YOUR GOAL:
Here the job is to repeat the listing exactly, but not the pictures in it.

:: COLLECTED MATERIAL ::

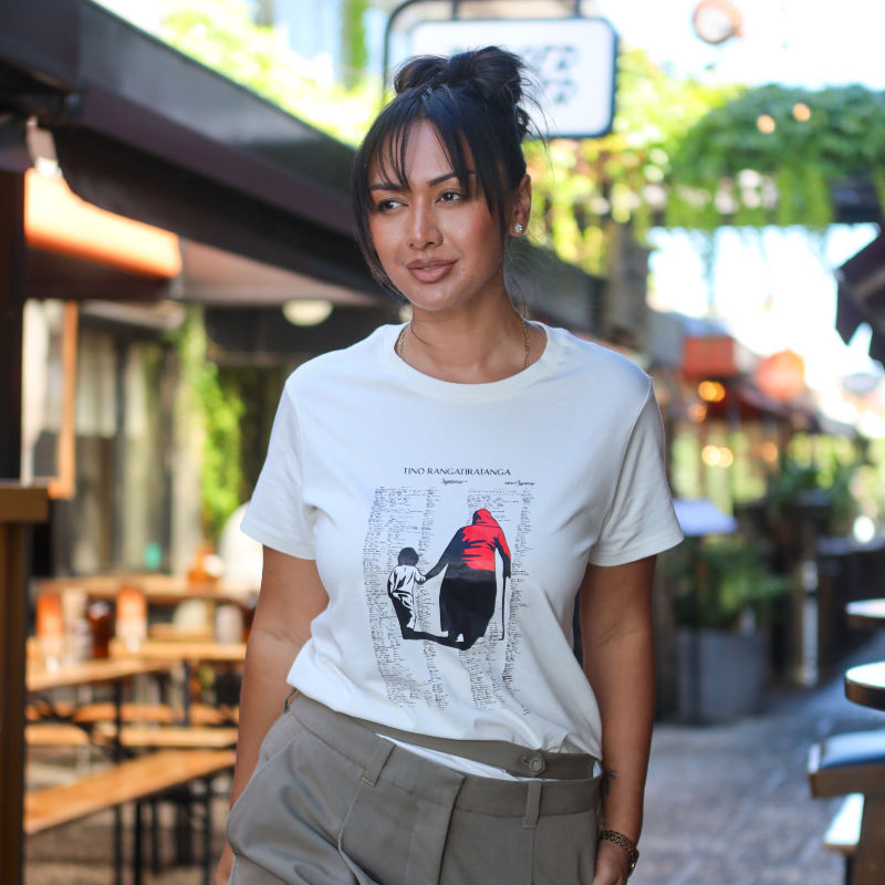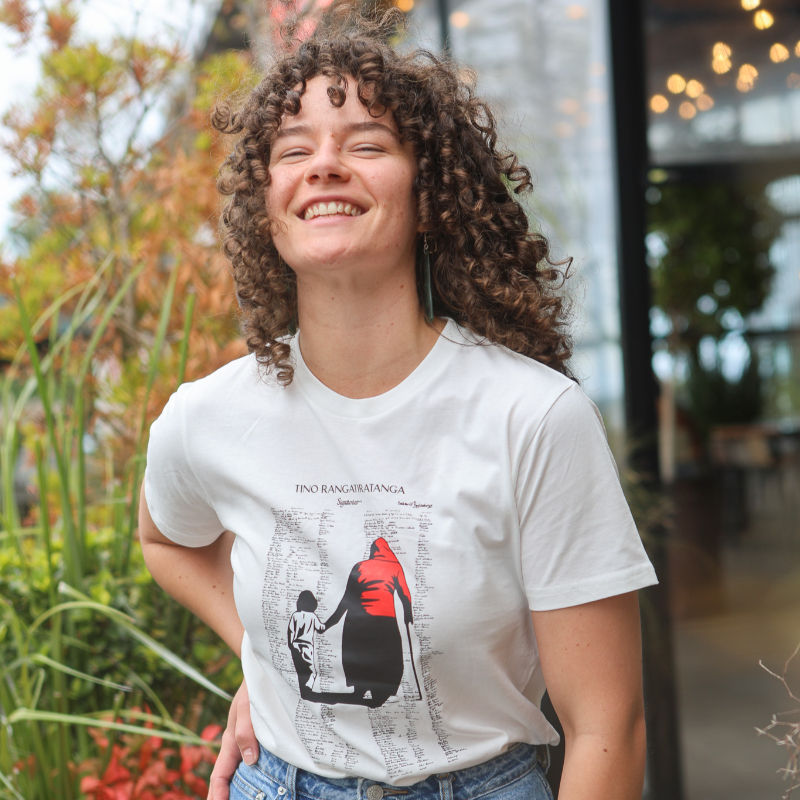 The Tino Rangatiratanga T-Shirt celebrates Dame Whina Cooper’s enduring legacy and the mana of Māori sovereignty. Featuring the iconic image of Whina Cooper and her mokopuna at the start of the historic Land March, this design symbolises the journey, resilience, and commitment to tino rangatiratanga (self-determination).
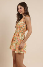 Bring the sunshine with you wherever you go in the Sunset Aperitivo Romper. Bursting with tropical florals in vibrant shades of coral, peach, and green, this lightweight romper is made for carefree summer days and golden hour happy hours. It features a flattering scoop neckline, ruched bodice, and a stretchy smocked waist that cinches just right. The soft fabric flows into a flirty, skirt-like short for added movement and charm.
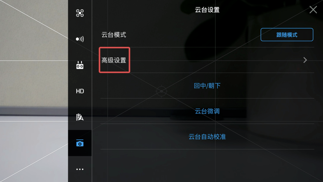 相比无人机遥控器的右侧拨轮,左拨轮的作用就简单得多——仅仅用于调节云台相机的俯仰。但根据云台相机的运动特性,以及视频拍摄时的不同需求,云台俯仰也是可以进行精细调节的。在 DJI GO 4 的云台高级设置中,可以对“云台俯仰轴最大速度”、“俯仰缓启/停”、“云台俯仰限位”做出调节。
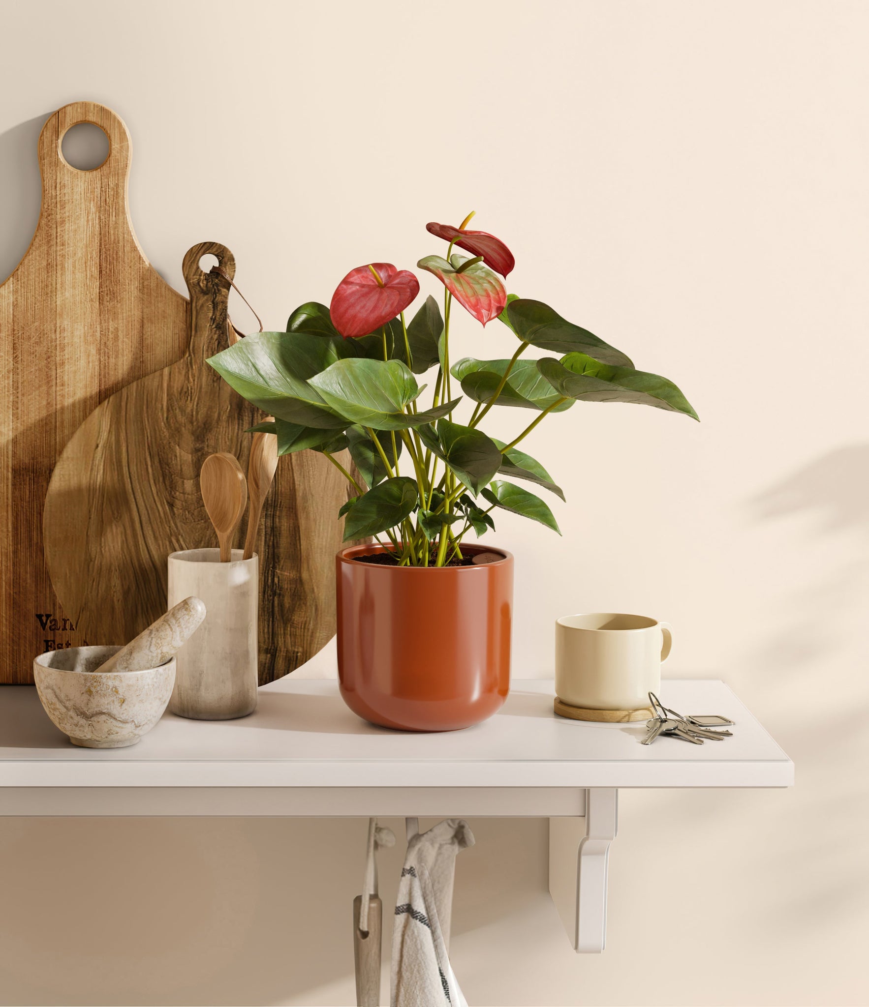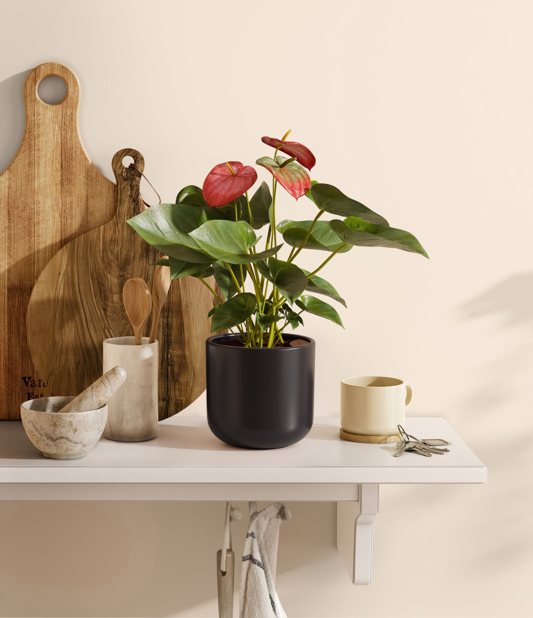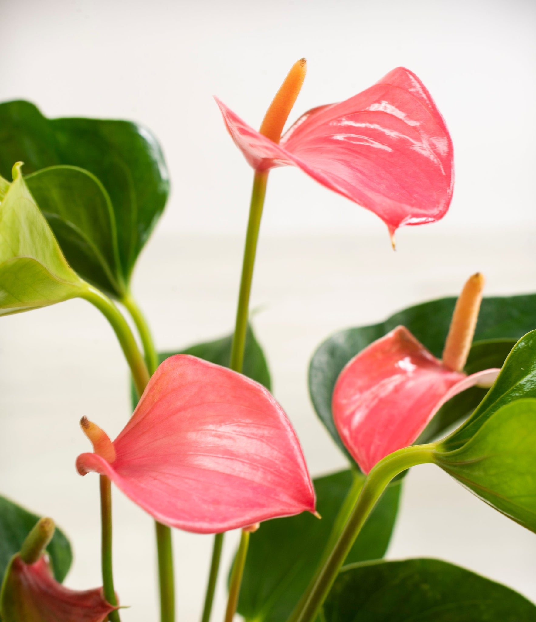 Native to the Americas and Caribbeans, this tropical evergreen beauty brings out the best and brightest in any space it inhabits. The colorful heart-shaped waxy leaves, called spathes, act as protectors for its straight spike, called spadix, where very small flowers grow in its bloom. As the plant matures, bloom colors may naturally vary or evolve, reflecting its dynamic beauty. Thanks to its long-lived, heart-opening charm, Anthurium is the quintessential symbol of generosity and kindness, making it a perfect gift for those you love the most. It is cherished for its long blooms, lasting anywhere from eight to twelve weeks.

:::

EXPECTED ANSWER:
 The Tino Rangatiratanga T-Shirt celebrates Dame Whina Cooper’s enduring legacy and the mana of Māori sovereignty. Featuring the iconic image of Whina Cooper and her mokopuna at the start of the historic Land March, this design symbolises the journey, resilience, and commitment to tino rangatiratanga (self-determination).
 Bring the sunshine with you wherever you go in the Sunset Aperitivo Romper. Bursting with tropical florals in vibrant shades of coral, peach, and green, this lightweight romper is made for carefree summer days and golden hour happy hours. It features a flattering scoop neckline, ruched bodice, and a stretchy smocked waist that cinches just right. The soft fabric flows into a flirty, skirt-like short for added movement and charm.
 相比无人机遥控器的右侧拨轮,左拨轮的作用就简单得多——仅仅用于调节云台相机的俯仰。但根据云台相机的运动特性,以及视频拍摄时的不同需求,云台俯仰也是可以进行精细调节的。在 DJI GO 4 的云台高级设置中,可以对“云台俯仰轴最大速度”、“俯仰缓启/停”、“云台俯仰限位”做出调节。
 Native to the Americas and Caribbeans, this tropical evergreen beauty brings out the best and brightest in any space it inhabits. The colorful heart-shaped waxy leaves, called spathes, act as protectors for its straight spike, called spadix, where very small flowers grow in its bloom. As the plant matures, bloom colors may naturally vary or evolve, reflecting its dynamic beauty. Thanks to its long-lived, heart-opening charm, Anthurium is the quintessential symbol of generosity and kindness, making it a perfect gift for those you love the most. It is cherished for its long blooms, lasting anywhere from eight to twelve weeks.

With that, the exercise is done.